### [EXERCISE DIRECTIONS]
Copy word for word, please, the lines of the entries below running from the one containing "충주맨 애플도넛슈의 애플은" to the one containing "Baxton Studio Dania", both ends included.

====== RECORDS TO PROCESS

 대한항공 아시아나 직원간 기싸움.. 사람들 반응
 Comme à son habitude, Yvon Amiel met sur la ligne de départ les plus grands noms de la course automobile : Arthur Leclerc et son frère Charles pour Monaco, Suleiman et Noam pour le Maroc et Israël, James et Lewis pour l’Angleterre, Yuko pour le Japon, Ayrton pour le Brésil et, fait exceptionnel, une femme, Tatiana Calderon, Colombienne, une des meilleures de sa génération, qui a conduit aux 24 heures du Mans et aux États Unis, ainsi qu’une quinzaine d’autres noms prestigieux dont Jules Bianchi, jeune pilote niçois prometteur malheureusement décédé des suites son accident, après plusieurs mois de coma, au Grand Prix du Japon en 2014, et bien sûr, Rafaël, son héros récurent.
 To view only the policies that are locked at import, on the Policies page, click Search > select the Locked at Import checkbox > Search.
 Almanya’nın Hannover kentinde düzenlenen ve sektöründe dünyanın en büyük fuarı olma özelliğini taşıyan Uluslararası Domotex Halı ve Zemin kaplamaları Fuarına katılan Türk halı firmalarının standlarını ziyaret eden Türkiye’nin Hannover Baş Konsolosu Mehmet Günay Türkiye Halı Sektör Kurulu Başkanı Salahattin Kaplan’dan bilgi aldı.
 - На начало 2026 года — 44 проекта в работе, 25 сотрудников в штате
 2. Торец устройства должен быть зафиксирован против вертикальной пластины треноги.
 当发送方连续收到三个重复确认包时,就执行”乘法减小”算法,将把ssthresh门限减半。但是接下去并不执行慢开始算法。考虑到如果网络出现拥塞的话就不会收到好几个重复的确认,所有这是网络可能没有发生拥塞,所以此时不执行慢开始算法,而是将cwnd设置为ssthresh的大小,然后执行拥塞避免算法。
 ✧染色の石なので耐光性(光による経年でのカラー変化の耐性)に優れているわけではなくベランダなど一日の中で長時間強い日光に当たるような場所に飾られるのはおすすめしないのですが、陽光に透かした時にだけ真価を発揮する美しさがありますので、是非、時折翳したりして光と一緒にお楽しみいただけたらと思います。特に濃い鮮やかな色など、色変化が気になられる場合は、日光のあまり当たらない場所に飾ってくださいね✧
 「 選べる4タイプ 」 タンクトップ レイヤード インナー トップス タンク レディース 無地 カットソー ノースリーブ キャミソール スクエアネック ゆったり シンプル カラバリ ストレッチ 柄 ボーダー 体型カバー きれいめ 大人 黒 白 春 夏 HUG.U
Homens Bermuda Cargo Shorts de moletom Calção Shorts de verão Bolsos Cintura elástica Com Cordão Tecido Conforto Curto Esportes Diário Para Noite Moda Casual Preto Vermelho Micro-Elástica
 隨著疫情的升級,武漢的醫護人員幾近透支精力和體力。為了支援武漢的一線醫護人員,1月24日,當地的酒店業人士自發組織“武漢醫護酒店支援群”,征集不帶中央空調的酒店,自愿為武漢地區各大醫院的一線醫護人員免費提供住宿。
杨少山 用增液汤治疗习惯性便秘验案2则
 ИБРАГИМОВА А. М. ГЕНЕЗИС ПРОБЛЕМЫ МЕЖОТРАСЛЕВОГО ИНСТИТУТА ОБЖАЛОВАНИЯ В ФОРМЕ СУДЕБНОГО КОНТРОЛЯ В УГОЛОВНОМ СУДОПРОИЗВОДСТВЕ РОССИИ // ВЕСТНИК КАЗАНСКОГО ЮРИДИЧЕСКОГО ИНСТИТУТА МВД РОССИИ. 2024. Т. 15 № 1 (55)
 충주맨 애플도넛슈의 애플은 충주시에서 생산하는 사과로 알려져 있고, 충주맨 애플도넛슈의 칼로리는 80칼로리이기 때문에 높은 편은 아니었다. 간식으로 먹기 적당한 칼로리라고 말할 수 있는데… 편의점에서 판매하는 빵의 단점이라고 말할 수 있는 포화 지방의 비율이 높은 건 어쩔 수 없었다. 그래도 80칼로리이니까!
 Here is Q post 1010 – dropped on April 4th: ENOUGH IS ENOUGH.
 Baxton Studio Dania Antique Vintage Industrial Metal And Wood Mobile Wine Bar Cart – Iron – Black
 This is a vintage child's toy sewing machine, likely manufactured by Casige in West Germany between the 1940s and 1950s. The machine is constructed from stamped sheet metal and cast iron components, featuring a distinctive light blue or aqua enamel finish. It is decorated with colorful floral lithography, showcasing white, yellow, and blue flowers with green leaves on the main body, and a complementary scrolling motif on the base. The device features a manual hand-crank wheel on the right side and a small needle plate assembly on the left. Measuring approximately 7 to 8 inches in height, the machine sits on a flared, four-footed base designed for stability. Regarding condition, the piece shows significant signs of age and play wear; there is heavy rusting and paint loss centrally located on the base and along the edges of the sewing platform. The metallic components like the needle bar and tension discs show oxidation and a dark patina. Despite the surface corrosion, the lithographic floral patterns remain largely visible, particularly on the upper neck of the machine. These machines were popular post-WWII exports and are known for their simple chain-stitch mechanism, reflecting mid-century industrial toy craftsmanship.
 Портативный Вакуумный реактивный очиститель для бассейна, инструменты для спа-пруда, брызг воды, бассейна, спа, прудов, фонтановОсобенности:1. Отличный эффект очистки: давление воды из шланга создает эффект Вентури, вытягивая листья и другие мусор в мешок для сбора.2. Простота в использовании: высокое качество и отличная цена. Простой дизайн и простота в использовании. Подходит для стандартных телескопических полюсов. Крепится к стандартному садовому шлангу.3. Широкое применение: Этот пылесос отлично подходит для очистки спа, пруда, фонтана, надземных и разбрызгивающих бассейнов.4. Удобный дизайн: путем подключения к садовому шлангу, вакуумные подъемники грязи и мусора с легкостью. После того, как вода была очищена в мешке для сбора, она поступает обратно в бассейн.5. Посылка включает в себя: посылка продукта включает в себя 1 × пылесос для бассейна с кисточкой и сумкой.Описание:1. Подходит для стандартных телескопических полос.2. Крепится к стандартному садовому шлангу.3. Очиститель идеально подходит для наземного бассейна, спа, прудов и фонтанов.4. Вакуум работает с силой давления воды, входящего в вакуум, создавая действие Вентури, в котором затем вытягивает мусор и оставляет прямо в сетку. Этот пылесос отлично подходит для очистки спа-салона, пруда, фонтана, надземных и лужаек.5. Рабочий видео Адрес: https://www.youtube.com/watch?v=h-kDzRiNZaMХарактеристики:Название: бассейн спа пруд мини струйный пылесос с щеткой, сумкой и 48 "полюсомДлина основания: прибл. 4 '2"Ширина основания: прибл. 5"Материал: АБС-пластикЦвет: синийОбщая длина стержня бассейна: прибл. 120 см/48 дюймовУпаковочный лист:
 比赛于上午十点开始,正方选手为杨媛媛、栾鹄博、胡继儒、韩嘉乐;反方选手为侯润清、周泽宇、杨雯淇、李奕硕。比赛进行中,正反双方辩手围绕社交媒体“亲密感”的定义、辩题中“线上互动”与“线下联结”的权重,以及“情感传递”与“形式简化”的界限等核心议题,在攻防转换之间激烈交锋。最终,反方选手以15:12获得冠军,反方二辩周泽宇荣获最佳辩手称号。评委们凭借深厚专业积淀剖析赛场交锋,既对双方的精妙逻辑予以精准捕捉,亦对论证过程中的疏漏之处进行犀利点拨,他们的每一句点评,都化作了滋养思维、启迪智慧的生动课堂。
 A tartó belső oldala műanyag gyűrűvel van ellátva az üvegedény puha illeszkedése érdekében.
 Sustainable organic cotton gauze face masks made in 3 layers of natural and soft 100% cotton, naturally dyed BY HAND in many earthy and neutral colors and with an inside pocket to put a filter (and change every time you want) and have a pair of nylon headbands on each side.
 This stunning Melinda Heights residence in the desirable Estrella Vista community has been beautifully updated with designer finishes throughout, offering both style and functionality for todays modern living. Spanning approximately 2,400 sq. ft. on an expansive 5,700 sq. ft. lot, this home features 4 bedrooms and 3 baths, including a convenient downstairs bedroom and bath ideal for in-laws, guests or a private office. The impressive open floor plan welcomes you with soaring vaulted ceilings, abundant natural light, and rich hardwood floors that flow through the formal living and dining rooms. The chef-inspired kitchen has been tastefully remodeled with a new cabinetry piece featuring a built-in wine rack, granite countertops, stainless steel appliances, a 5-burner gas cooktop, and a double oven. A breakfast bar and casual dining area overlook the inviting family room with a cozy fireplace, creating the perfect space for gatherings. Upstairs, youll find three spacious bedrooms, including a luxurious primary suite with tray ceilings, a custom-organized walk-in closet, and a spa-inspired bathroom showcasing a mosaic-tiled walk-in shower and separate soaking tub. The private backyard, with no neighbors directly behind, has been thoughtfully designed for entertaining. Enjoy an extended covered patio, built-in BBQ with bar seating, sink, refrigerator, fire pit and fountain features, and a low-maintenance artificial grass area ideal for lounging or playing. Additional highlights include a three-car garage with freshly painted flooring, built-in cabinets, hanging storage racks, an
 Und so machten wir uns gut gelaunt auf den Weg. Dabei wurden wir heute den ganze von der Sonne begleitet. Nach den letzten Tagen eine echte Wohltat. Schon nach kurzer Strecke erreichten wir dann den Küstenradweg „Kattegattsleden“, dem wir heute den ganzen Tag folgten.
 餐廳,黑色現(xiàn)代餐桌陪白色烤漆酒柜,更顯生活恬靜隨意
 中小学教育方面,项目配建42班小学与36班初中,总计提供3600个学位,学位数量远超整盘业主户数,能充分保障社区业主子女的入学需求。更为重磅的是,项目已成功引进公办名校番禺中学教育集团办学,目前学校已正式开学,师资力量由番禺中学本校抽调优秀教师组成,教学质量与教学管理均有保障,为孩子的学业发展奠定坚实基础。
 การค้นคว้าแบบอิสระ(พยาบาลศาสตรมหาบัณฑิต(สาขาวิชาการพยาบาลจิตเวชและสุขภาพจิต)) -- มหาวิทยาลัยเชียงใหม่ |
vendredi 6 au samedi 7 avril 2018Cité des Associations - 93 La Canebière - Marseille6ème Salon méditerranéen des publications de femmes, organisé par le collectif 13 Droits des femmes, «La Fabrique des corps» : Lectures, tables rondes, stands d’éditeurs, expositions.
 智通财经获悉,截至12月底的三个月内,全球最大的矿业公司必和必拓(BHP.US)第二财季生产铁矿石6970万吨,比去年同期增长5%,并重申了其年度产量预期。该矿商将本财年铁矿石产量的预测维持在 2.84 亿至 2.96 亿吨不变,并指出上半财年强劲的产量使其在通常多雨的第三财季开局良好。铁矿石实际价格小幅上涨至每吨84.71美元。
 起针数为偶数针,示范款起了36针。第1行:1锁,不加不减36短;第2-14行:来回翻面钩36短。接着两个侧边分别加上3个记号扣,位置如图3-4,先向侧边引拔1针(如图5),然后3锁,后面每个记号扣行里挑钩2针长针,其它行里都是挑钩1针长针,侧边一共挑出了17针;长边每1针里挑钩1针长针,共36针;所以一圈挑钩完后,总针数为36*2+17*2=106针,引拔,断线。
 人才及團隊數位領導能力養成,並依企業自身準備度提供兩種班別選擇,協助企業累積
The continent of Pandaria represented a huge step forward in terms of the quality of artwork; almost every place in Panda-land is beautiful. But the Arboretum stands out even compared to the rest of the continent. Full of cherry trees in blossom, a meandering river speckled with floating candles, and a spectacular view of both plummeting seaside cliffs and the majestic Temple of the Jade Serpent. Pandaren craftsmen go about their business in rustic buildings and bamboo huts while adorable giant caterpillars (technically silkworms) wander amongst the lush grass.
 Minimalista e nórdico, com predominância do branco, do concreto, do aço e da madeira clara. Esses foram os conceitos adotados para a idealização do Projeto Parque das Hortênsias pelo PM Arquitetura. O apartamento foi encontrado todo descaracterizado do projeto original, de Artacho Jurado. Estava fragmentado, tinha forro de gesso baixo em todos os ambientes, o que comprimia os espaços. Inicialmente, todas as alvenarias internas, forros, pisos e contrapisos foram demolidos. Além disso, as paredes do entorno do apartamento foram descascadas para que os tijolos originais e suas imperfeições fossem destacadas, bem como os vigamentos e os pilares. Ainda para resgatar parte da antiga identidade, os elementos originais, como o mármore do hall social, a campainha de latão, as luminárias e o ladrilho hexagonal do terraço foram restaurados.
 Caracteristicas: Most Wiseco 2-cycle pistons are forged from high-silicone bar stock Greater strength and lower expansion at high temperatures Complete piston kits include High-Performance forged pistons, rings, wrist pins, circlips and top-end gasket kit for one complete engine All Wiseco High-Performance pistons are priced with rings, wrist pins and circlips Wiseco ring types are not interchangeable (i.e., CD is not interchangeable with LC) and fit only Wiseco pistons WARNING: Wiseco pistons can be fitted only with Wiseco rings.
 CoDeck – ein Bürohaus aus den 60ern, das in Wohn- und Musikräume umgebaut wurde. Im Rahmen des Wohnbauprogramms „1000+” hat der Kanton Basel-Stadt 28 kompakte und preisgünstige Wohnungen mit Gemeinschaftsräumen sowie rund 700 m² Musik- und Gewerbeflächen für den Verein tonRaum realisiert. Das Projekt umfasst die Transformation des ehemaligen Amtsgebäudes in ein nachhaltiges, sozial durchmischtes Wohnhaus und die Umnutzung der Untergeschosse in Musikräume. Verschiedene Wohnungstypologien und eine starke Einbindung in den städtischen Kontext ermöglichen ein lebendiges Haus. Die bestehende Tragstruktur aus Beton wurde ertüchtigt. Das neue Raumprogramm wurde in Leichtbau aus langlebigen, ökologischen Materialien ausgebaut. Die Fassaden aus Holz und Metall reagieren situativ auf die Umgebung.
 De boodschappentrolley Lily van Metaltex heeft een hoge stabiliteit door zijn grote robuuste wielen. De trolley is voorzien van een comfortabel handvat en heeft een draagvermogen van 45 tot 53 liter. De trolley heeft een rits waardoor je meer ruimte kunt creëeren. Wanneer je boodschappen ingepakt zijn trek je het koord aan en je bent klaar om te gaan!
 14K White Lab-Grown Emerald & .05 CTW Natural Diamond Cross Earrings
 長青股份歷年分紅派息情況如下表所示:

============

### [SOLUTION FOR THIS PROBLEM]
 충주맨 애플도넛슈의 애플은 충주시에서 생산하는 사과로 알려져 있고, 충주맨 애플도넛슈의 칼로리는 80칼로리이기 때문에 높은 편은 아니었다. 간식으로 먹기 적당한 칼로리라고 말할 수 있는데… 편의점에서 판매하는 빵의 단점이라고 말할 수 있는 포화 지방의 비율이 높은 건 어쩔 수 없었다. 그래도 80칼로리이니까!
 Here is Q post 1010 – dropped on April 4th: ENOUGH IS ENOUGH.
 Baxton Studio Dania Antique Vintage Industrial Metal And Wood Mobile Wine Bar Cart – Iron – Black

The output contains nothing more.